## BRIEF
Retype the whole listing exactly. Leave out pictures.

## DATASET CONTENT
---*---
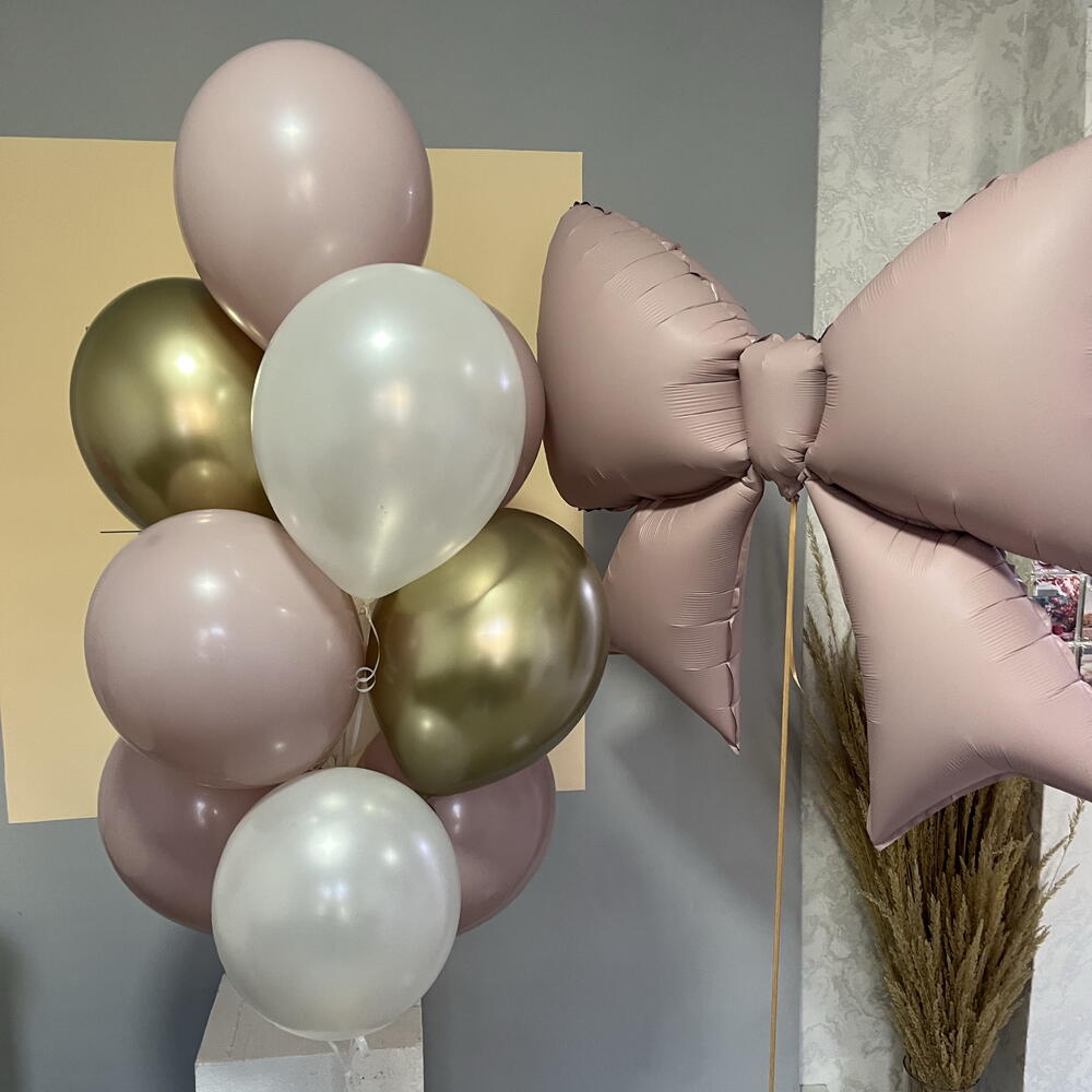 В наборе 10 Шаров латекс, надутых гелием . 1 шар фольга Бант . ( летают )
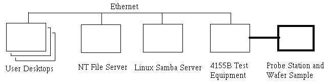 This scheme still suffers slightly from security. A savvy computer user could look at the properties of the network shortcut and then use that to make a shortcut directly to the Samba server, bypassing the NT security. An alternative would be to use the Linux box and smbmount to mount a share from the NT server and export that using NFS to the test device. We were able to mount the NT share on the Linux box, export that with NFS and then mount that on the 4155B. The problem still remaining is writing to that share, even using options with smbmount. Hopefully, in the near future we will have some time to tackle this aspect again.
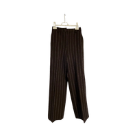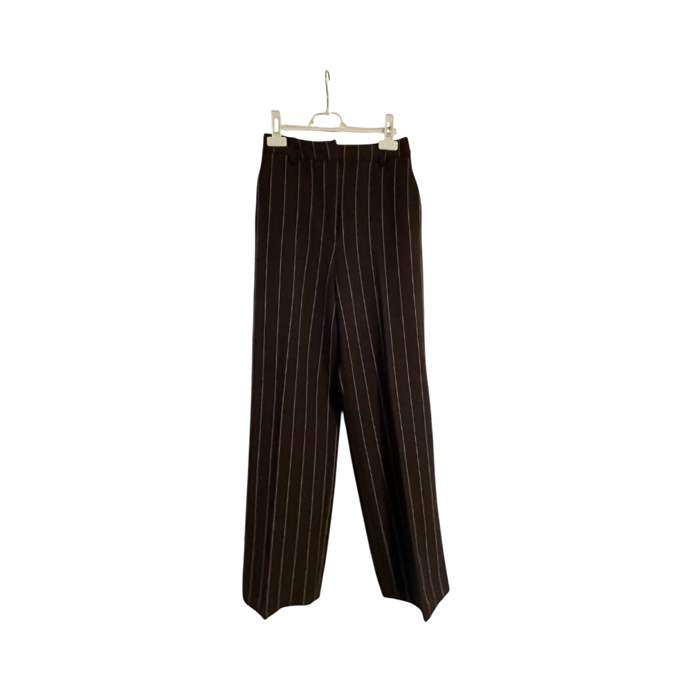 Suorat lahkeiset, korkeavyötäröiset raidalliset housut.
---*---
## ANSWER SPACE
 В наборе 10 Шаров латекс, надутых гелием . 1 шар фольга Бант . ( летают )
 This scheme still suffers slightly from security. A savvy computer user could look at the properties of the network shortcut and then use that to make a shortcut directly to the Samba server, bypassing the NT security. An alternative would be to use the Linux box and smbmount to mount a share from the NT server and export that using NFS to the test device. We were able to mount the NT share on the Linux box, export that with NFS and then mount that on the 4155B. The problem still remaining is writing to that share, even using options with smbmount. Hopefully, in the near future we will have some time to tackle this aspect again.
 Suorat lahkeiset, korkeavyötäröiset raidalliset housut.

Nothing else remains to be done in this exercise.